* _ABOUT THIS EXERCISE_
Set the pictures aside and return each record below precisely as written.
────
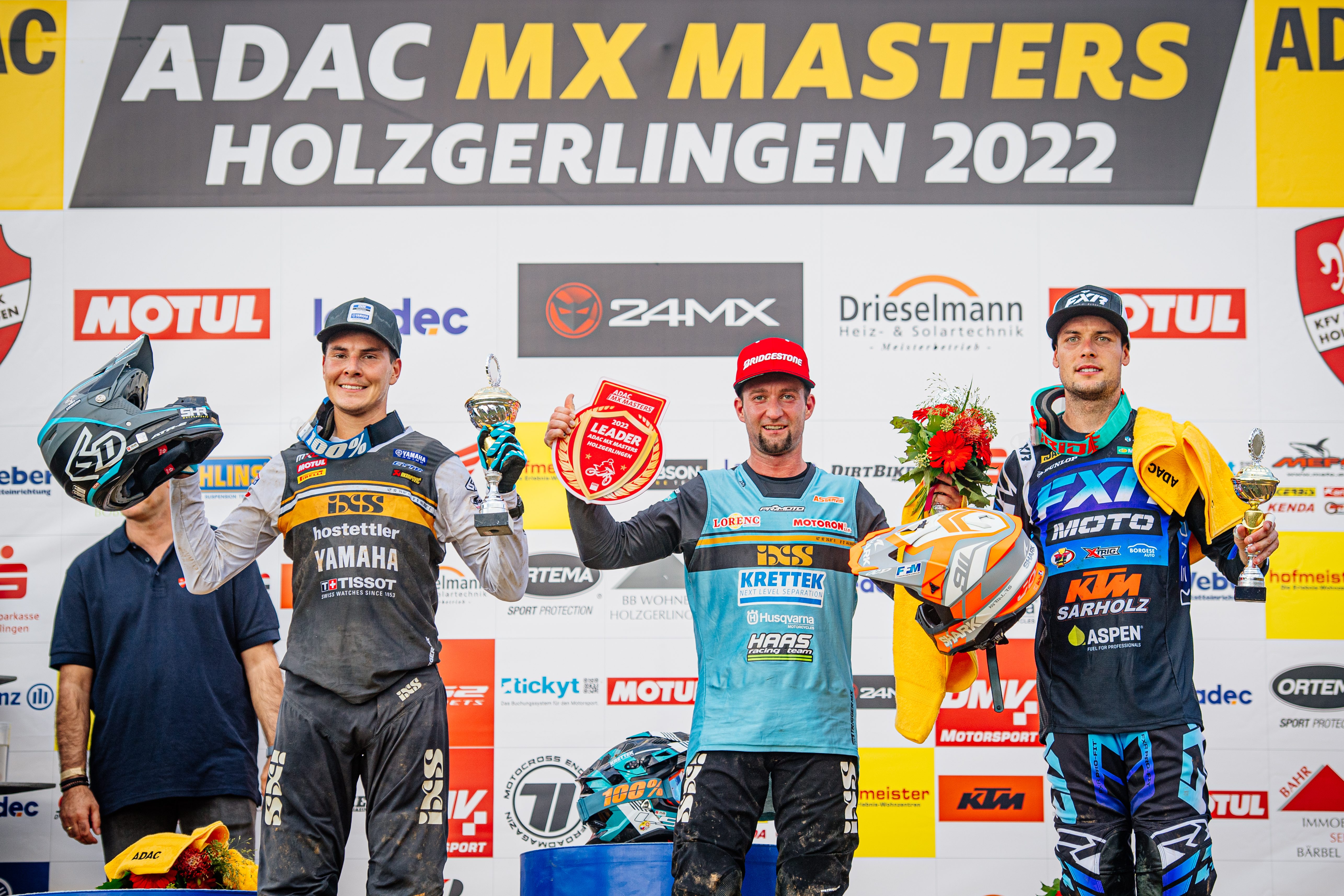 Das ADAC MX Masters Gesamt-Podium in Holzgerlingen (v.l.): Valentin Guillod, Max Nagl und Jordi Tixier
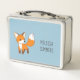 Un mignon petit renard aux oreilles larges se tient debout avec sa queue boisée vers le haut et regarde vers le côté.
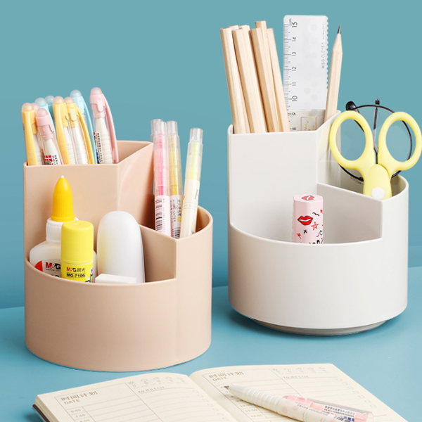 - 모던 360도 회전 원형 3칸 연필꽂이
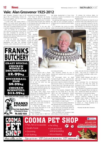 employed in the design department. From there he attended the Sydney Technical College School of Aeronautical Engineering and during the last 12 months of his period there he spent with QANTAS in the drawing office doing design work for components for aircraft. At the conclusion of the war, Alan married Morea Blakey and he resumed work as a builder on Sydney’s North Shore. Their daughter Robyn Louise was born in 1954. Soon Alan was buying and selling houses, an activity which expanded to include development and real estate sales with the opening of an office in Dee Why. A l a n Grosvenor took up painting on the advice of his doctor as a form of relaxation from his business. He took lessons with a Royal Academy exhibitor Gerald Nathan and the war artist Geoff Townsend. From those two people he learnt both sides of art – one a discipline and the very photographic type of art and the other one was Impressionism. Up until then boating had been Alan’s chief recreational pursuit and he designed and built boats from an early age – during the 1930s. He spent many happy hours sailing with his daughter Robyn who crewed for him in competition. A champion sailor, he was FREE HOME DELIVERY COOMA AREA* *conditions apply president of Royal Prince Alfred Yacht Club for a time. It was his wish that following his death that “a bow wave” be held for him rather than a wake. In 1959, Alan Grosvenor came to the Snowy Mountains for a ski holiday at Perisher Valley. This was the first of many painting 22 Bombala St, Cooma trips to Jindabyne. Alan changed tack in 1963 from
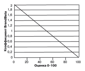 Чем сильнее бренд, тем выше его индекс значимости. brendbeta определяется по следующей формуле: 2-0,02 х балл индекса значимости товарного знака
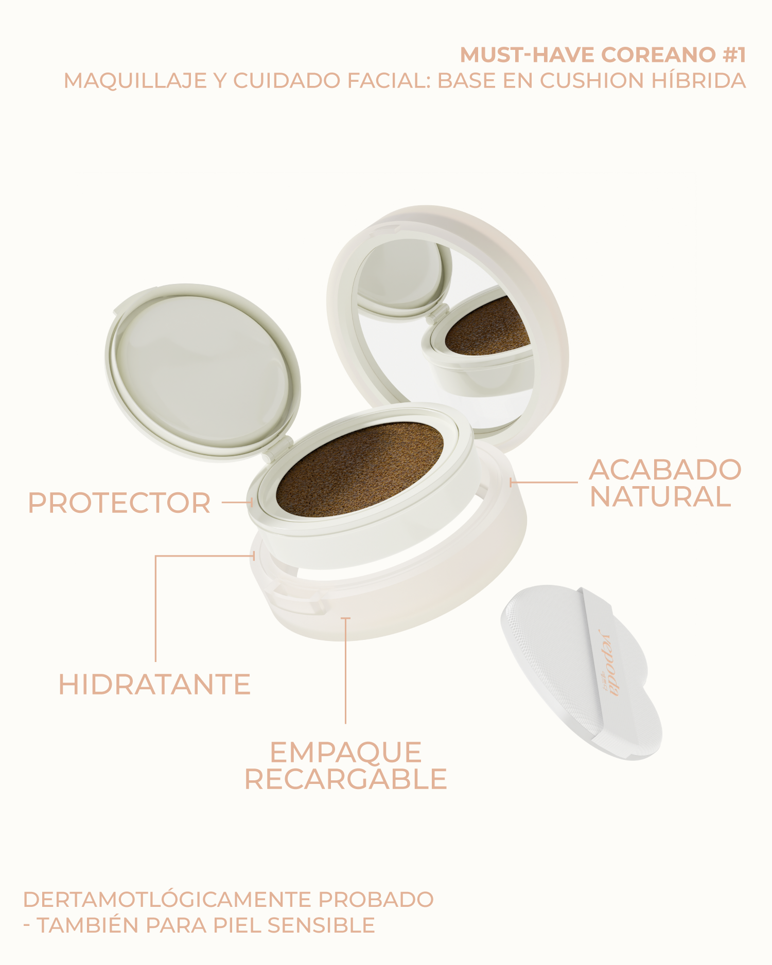 Fue sorprendente que solo con el test me llegara justo el color que me va bien. Muy comoda la aplicación y muy ligero en la piel.
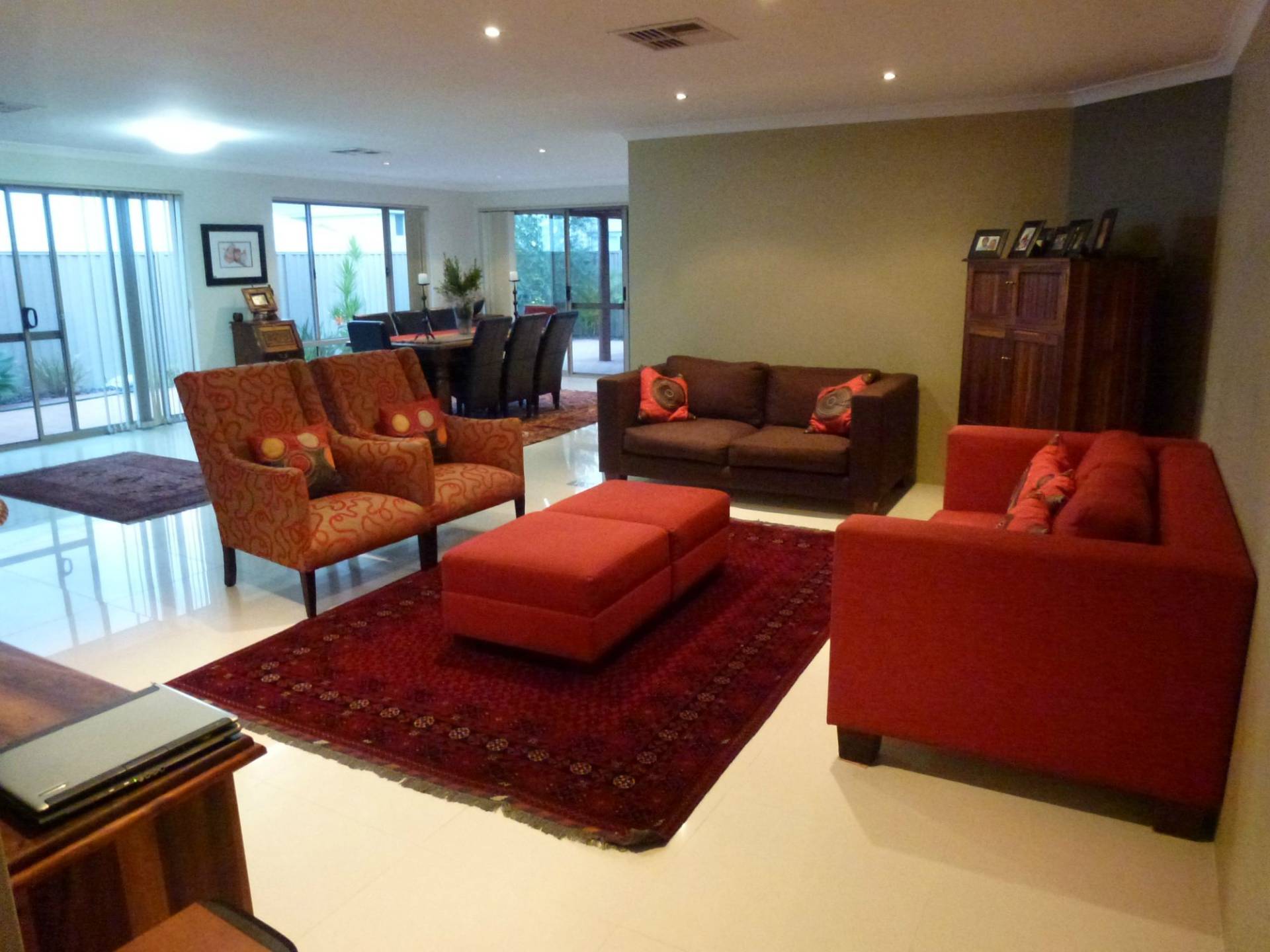 •north facing open plan dining, family and games room with quality porcelain tiles;
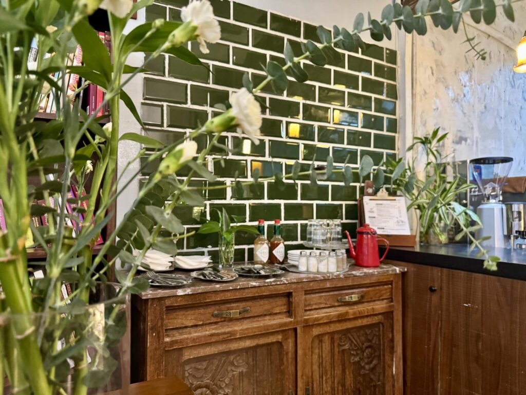 獅子甜點下午時段店內客人不多,坐在窗邊可以享受一頓美味的下午茶。但是後台卻很忙,跟桌前的客人呈現對比。這是因為附近的辦公室早就預定了下午茶,甜點師傅趕著下午3點出貨。而且網路預定的外送單,也要趕著裝箱出貨。
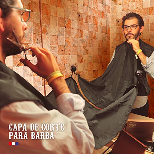 - ✅ KIT DE AFEITADO - Capa de peluquero + 2 ventosas para facilitar la fijación del delantal + 1 peine de barba simétrica + 1 peine de barba / bigote y pelo y su funda OFRECIDA + 1 par de tijeras + 1 bolsa de transporte. Delantal DIFERENTE DE OTROS MODELOS, de calidad profesional, gracias a los bordes curvos, los pelos no escapan del delantal barbudo.
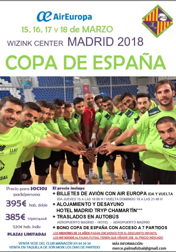 Cada vez son más los aficionados que quieren acompañar al equipo a esta gran cita nacional e internacional y el club pone en marcha un viaje organizado para facilitar el desplazamiento de todos los aficionados que quieran vivir en directo la fiesta del fútbol sala. El viaje incluye el avión de ida y vuelta con Air Europa, tres noches de hotel en régimen de alojamiento y desayuno, traslados del aeropuerto al hotel y el bono completo para asistir a los siete partidos que se jugarán en la Copa de España, todo por 395 euros en habitación doble. El precio es especial para los socios abonados del Palma Futsal aunque los no socios también pueden acceder a la promoción aunque añadiendo 25 euros más al precio establecido. Hay un precio más reducido para habitaciones múltiples. La ida será el jueves a las 10 de la mañana, día del estreno del Palma Futsal, que abrirá el torneo a las 19:00 horas. Para más información y reservas pueden llamar al teléfono 971.84.59.56. El Palma Futsal buscará el pase a las semifinales por primera vez en su historia ya que en las cuatro ediciones anteriores siempre cayó en los cuartos de final.
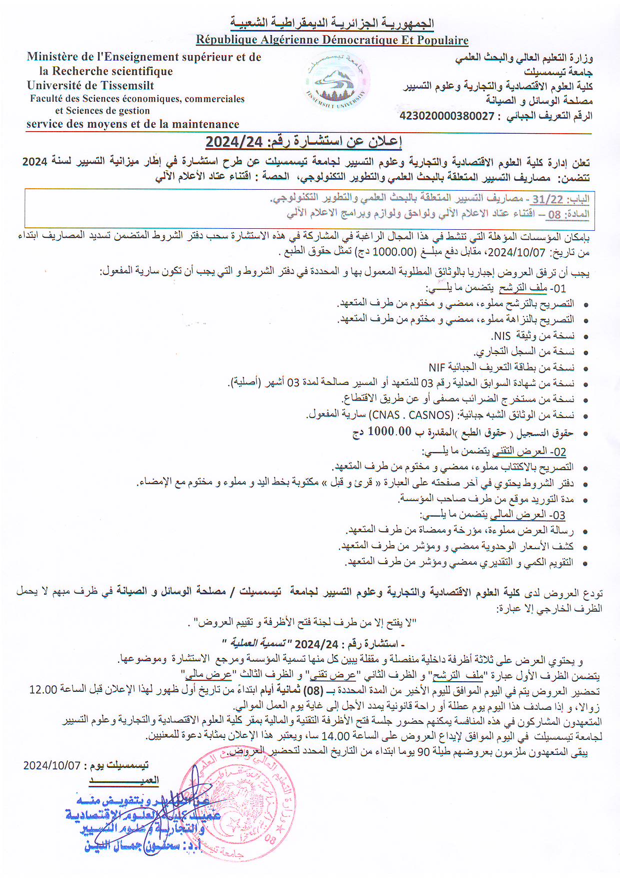 إعلان استشارة رقم 2024/24 المتضمنة مصاريف التسيير المتعلقة بالبحث العلمي والتطوير التكنولوجي – الحصة: اقتناء عتاد الاعلام الآلي @إعلان عن مناقصات بواسطة admin faculté SECSG في أكتوبر 9, 2024 481 شارك لتحميل الملف بصيغة Pdf اضغط هنا 481 شارك FacebookTwitterGoogle+ReddItWhatsAppPinterestالبريد الإلكتروني
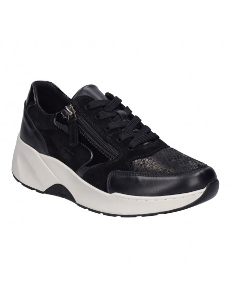Descripción: Blucher mujer Josef Seibel LISSI-04 en suave piel y licra negra. Línea iGoDynamick con doble plantilla extraíble para adaptar mejor el ancho y soporte en el arco que aporta más estabilidad.
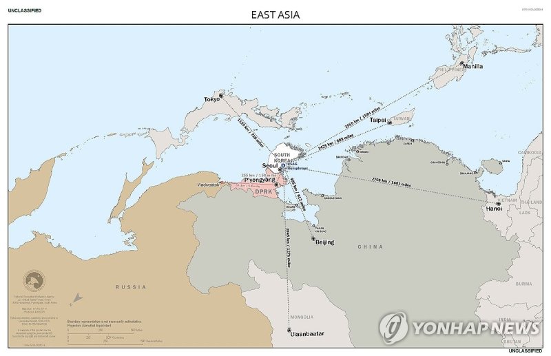 신문은 이 지도에 서울을 기준으로 평양뿐만 아니라 중국 베이징, 대만 타이베이, 필리핀 마닐라까지 거리가 각각 기재됐다면서 "동아시아에서 주한미군의 전략적 우위성을 보여준다"고 해설했다.
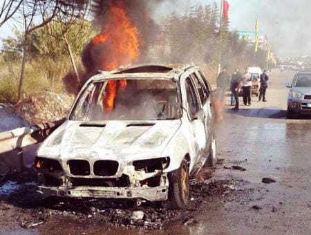 A black BMW car reported stolen by owner Charbel Sfeir was found wrapped in flames on Jbeil's Bekhaaz road
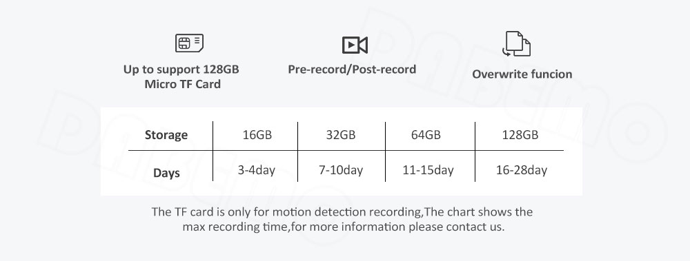 * H.264 новый дизайн хранения, карта памяти TF карта и Облачное хранилище ниже, более стабильная и более прочная;
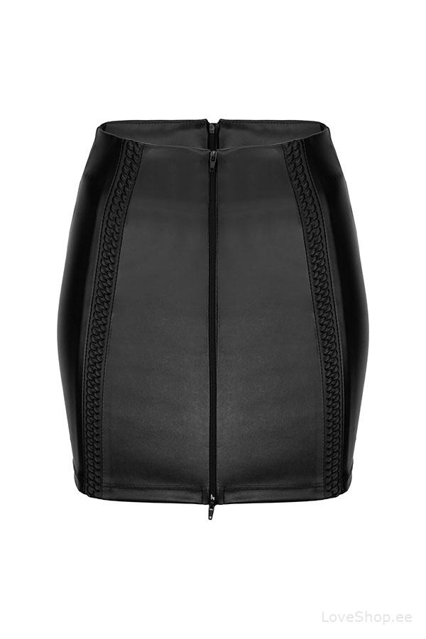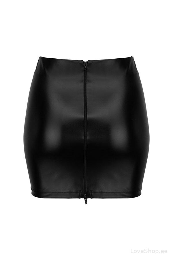 Noir Handmade F171 miniseelik on maitseka wet-look stiiliga, mis on nii eest kui ka tagant poolt täielikult lukuga avatav. Miniseelikul on esi osas stiilsed kaunistused.
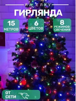 Электрогирлянда-нить на елку, 15 м, разноцветная
────
* _TASK OUTPUT_
 Das ADAC MX Masters Gesamt-Podium in Holzgerlingen (v.l.): Valentin Guillod, Max Nagl und Jordi Tixier
 Un mignon petit renard aux oreilles larges se tient debout avec sa queue boisée vers le haut et regarde vers le côté.
 - 모던 360도 회전 원형 3칸 연필꽂이
 employed in the design department. From there he attended the Sydney Technical College School of Aeronautical Engineering and during the last 12 months of his period there he spent with QANTAS in the drawing office doing design work for components for aircraft. At the conclusion of the war, Alan married Morea Blakey and he resumed work as a builder on Sydney’s North Shore. Their daughter Robyn Louise was born in 1954. Soon Alan was buying and selling houses, an activity which expanded to include development and real estate sales with the opening of an office in Dee Why. A l a n Grosvenor took up painting on the advice of his doctor as a form of relaxation from his business. He took lessons with a Royal Academy exhibitor Gerald Nathan and the war artist Geoff Townsend. From those two people he learnt both sides of art – one a discipline and the very photographic type of art and the other one was Impressionism. Up until then boating had been Alan’s chief recreational pursuit and he designed and built boats from an early age – during the 1930s. He spent many happy hours sailing with his daughter Robyn who crewed for him in competition. A champion sailor, he was FREE HOME DELIVERY COOMA AREA* *conditions apply president of Royal Prince Alfred Yacht Club for a time. It was his wish that following his death that “a bow wave” be held for him rather than a wake. In 1959, Alan Grosvenor came to the Snowy Mountains for a ski holiday at Perisher Valley. This was the first of many painting 22 Bombala St, Cooma trips to Jindabyne. Alan changed tack in 1963 from
 Чем сильнее бренд, тем выше его индекс значимости. brendbeta определяется по следующей формуле: 2-0,02 х балл индекса значимости товарного знака
 Fue sorprendente que solo con el test me llegara justo el color que me va bien. Muy comoda la aplicación y muy ligero en la piel.
 •north facing open plan dining, family and games room with quality porcelain tiles;
 獅子甜點下午時段店內客人不多,坐在窗邊可以享受一頓美味的下午茶。但是後台卻很忙,跟桌前的客人呈現對比。這是因為附近的辦公室早就預定了下午茶,甜點師傅趕著下午3點出貨。而且網路預定的外送單,也要趕著裝箱出貨。
 - ✅ KIT DE AFEITADO - Capa de peluquero + 2 ventosas para facilitar la fijación del delantal + 1 peine de barba simétrica + 1 peine de barba / bigote y pelo y su funda OFRECIDA + 1 par de tijeras + 1 bolsa de transporte. Delantal DIFERENTE DE OTROS MODELOS, de calidad profesional, gracias a los bordes curvos, los pelos no escapan del delantal barbudo.
 Cada vez son más los aficionados que quieren acompañar al equipo a esta gran cita nacional e internacional y el club pone en marcha un viaje organizado para facilitar el desplazamiento de todos los aficionados que quieran vivir en directo la fiesta del fútbol sala. El viaje incluye el avión de ida y vuelta con Air Europa, tres noches de hotel en régimen de alojamiento y desayuno, traslados del aeropuerto al hotel y el bono completo para asistir a los siete partidos que se jugarán en la Copa de España, todo por 395 euros en habitación doble. El precio es especial para los socios abonados del Palma Futsal aunque los no socios también pueden acceder a la promoción aunque añadiendo 25 euros más al precio establecido. Hay un precio más reducido para habitaciones múltiples. La ida será el jueves a las 10 de la mañana, día del estreno del Palma Futsal, que abrirá el torneo a las 19:00 horas. Para más información y reservas pueden llamar al teléfono 971.84.59.56. El Palma Futsal buscará el pase a las semifinales por primera vez en su historia ya que en las cuatro ediciones anteriores siempre cayó en los cuartos de final.
 إعلان استشارة رقم 2024/24 المتضمنة مصاريف التسيير المتعلقة بالبحث العلمي والتطوير التكنولوجي – الحصة: اقتناء عتاد الاعلام الآلي @إعلان عن مناقصات بواسطة admin faculté SECSG في أكتوبر 9, 2024 481 شارك لتحميل الملف بصيغة Pdf اضغط هنا 481 شارك FacebookTwitterGoogle+ReddItWhatsAppPinterestالبريد الإلكتروني
Descripción: Blucher mujer Josef Seibel LISSI-04 en suave piel y licra negra. Línea iGoDynamick con doble plantilla extraíble para adaptar mejor el ancho y soporte en el arco que aporta más estabilidad.
 신문은 이 지도에 서울을 기준으로 평양뿐만 아니라 중국 베이징, 대만 타이베이, 필리핀 마닐라까지 거리가 각각 기재됐다면서 "동아시아에서 주한미군의 전략적 우위성을 보여준다"고 해설했다.
 A black BMW car reported stolen by owner Charbel Sfeir was found wrapped in flames on Jbeil's Bekhaaz road
 * H.264 новый дизайн хранения, карта памяти TF карта и Облачное хранилище ниже, более стабильная и более прочная;
 Noir Handmade F171 miniseelik on maitseka wet-look stiiliga, mis on nii eest kui ka tagant poolt täielikult lukuga avatav. Miniseelikul on esi osas stiilsed kaunistused.
 Электрогирлянда-нить на елку, 15 м, разноцветная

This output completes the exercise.